Seven Days in New Crete
- First edition
- Author: Robert Graves
- Language: English
- Publisher: Cassell
- Publication date: 1949
- Publication place: United Kingdom
- Pages: 281

= Seven Days in New Crete =

1949 novel by Robert Graves

Seven Days in New Crete, also known as Watch the North Wind Rise, is a seminal future-utopian / dystopian speculative fiction novel by Robert Graves, first published in 1949. It shares many themes and ideas with Graves' The White Goddess, published a year earlier. Martin Seymour-Smith, Graves's biographer, further suggested it was autobiographical, "telling the essential story of his life between 1929 and 1947".

==Summary==
The novel takes place in a future society (first established on the island of Crete, but later spreading through much of the world) in which most post-medieval technology has been rejected, and a Triple Goddess religion is followed. The book is narrated by a mid-20th century poet, Edward Venn-Thomas, who is resurrected by the New Cretans under orders of their Goddess. Society is organised into five "estates" or social groups: captains, recorders (scribes), commons (by far the most numerous), servants, and magicians or poets (the least numerous), which are analogised to the five fingers of a hand. Different villages practice different marriage customs (strict monogamy, non-strict monogamy, or polyandry), worship different local "godlings", and specialise in various local handcrafts and foodstuffs, but share the common values of the New Cretan civilisation and devotion to the Goddess.

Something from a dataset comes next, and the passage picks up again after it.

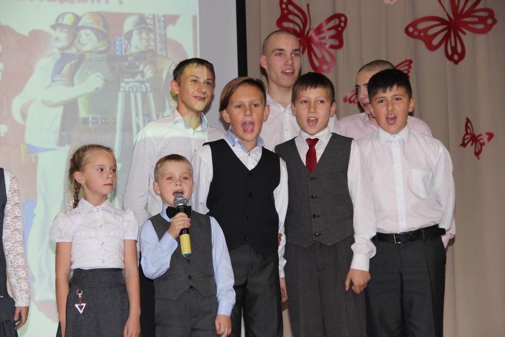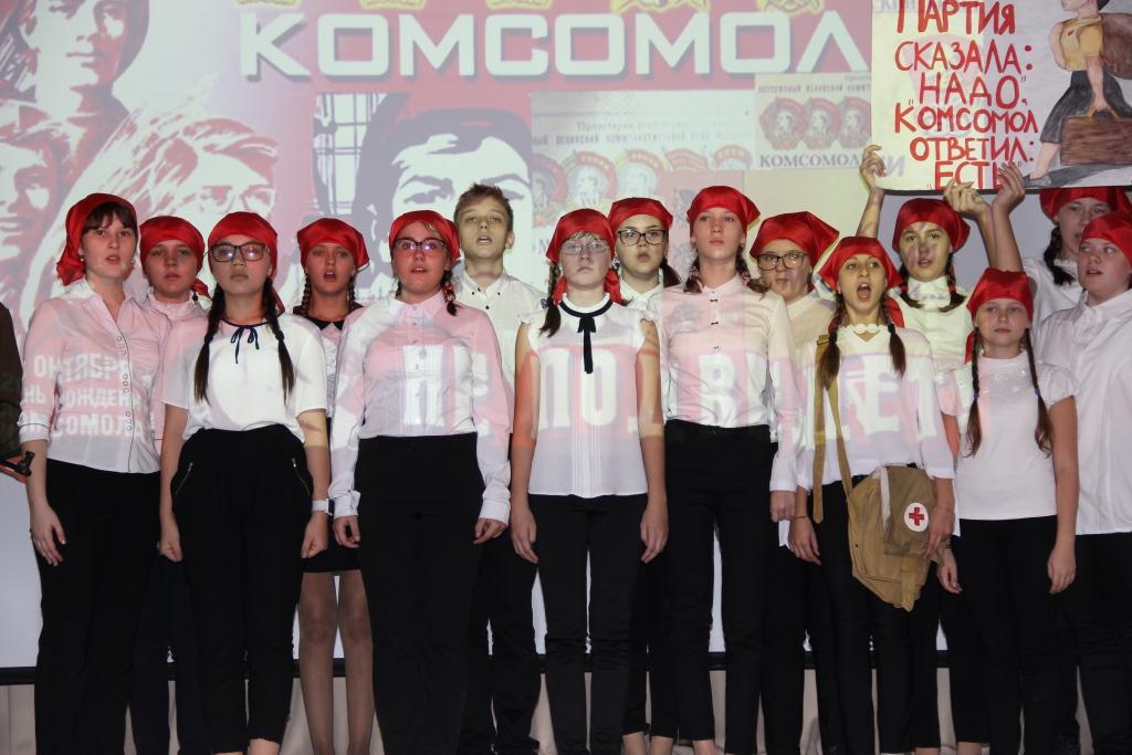 Это в фойе, а в зале – более 350 школьников, представляющих комсомольские песни на сцене. От песни к песне, звучавших на фестивале, оживала история комсомола, история Страны Советов – история Родины. «Дан приказ ему на Запад…», и «громыхает гражданская война». «Священная война», и «навеки умолкли весёлые хлопцы, в живых я остался один». «Комсомольцы-добровольцы», и «вновь продолжается бой!». «В буднях великих строек…», «и звонкой песнею пускай прославятся среди героев наши имена!»

Some of the social customs are somewhat matriarchal. There is no poverty in New Crete (money has been abolished) and little dissatisfaction. War is only known in the form of controlled local one-day conflicts between neighbouring villages, similar to the old game of village football or Shrovetide football. The poets or magicians of New Crete are an integral part of a religion centred on a sometimes capricious Goddess worshipped in three aspects: the maiden archer Nimuë, the goddess of motherhood and sexuality Mari, and the hag-goddess of wisdom Ana. (The names of the last two are similar to those of the Virgin Mary and her mother Saint Anne in Christianity.)

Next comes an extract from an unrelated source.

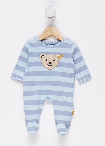 Steiff- це легендарний німецький бренд, заснований у 1880 році. Головний девіз компаніі- "Для дітей лише найкраще", бренд використовує: якісний текстиль, ніжні тканини, зручний крій, безпечну фурнітуру, стильний дизайн. Одяг високоі якості дарує малюкам тепло, комфорт та безпеку. Комбінезон- чоловічок для хлопчика з м'якого бавовняного матеріалу, блакитного кольору у широкого смужку. Довгі рукави та закриті ніжки, зручні кнопки ззаду та знизу для легкого переодягання, об'ємний принт ведмедика. Розмір 50 - 0- 1 місяців.
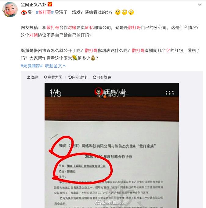 但就是这份鸡血满满、让人上头的对赌合同,却被眼尖的网友发现,上面的甲方公司在某招聘网站的简介赫然写道:"是散打家族运营中心旗下公司之一"。

The only masculine elements of New Cretan religion are the rival twin demi-gods (the star-god of the first half of the year and the serpent-god of the second half of the year) who compete for the Goddess's favour, and the local village godlings, who are all far below the Goddess as Queen of Heaven. However, the failings of past fallen civilisations are remembered and personified as an anti-trinity of evil gods (the "three Rogues"): Dobeis, god of money and greed; Pill, god of theft and violence; and Machna, god of science and soulless machinery.

The New Cretan language is derived from Catalan, modified by heavy English-language influence and apparent minor Slavic and Celtic influences. The writing down of words is considered to be too sacred an act to be profaned by ordinary every-day uses, and paper is banned in New Cretan society, and only members of the scribal estate and the poet-magician estate are commonly literate. However, numerical tally-marks are allowed to be used for everyday purposes, and many people of other estates learn to read in later life, after they retire into elder status, and some of the ordinary taboos of New Cretan life are relaxed when in the presence of other elders.

Though Venn-Thomas has been moved in time, he is still in the same area of southern France where he lived before and after World War II, and he compares the conditions in his own time to those under the New Cretan civilisation (mostly to the disfavor of the 20th century, though some things seem "too good to be true").

In this apparently idyllic utopian setting, Venn-Thomas begins to realise that he has been chosen by the Goddess to inject disruption into a society that is becoming static and in danger of losing its vitality. A symptom of trouble is that over the course of the week described in the novel, the five poet-magicians of the "Magic House" of the village of Horned Lamb all die or lose their status as members of the poet-magician estate.

In the last section of the book, Venn-Thomas makes a trip to Dunrena, the town which is the capital of the local kingdom, to witness the twice-yearly ceremony of the changing of the king, carried out as a solemn religious-theatrical performance culminating in a ritual sacrifice similar to those described in The Golden Bough. At the end of the book, Venn-Thomas unleashes the whirlwind which will prepare the way for the transition to the next phase of history, and Sapphire (a young woman for whom he has had unsettled feelings) returns with him through time to be reborn as his daughter.

==Similar works==
Poul Anderson's 1965 novel The Corridors of Time shares many themes with Graves' book, also including a depiction of a future matriarchal world dominated by a Great Goddess religion seen through the eyes of a traveller from our time. However, Anderson's version of such a world is far more harsh and dystopian, leading the plot to a conclusion very different from Graves'.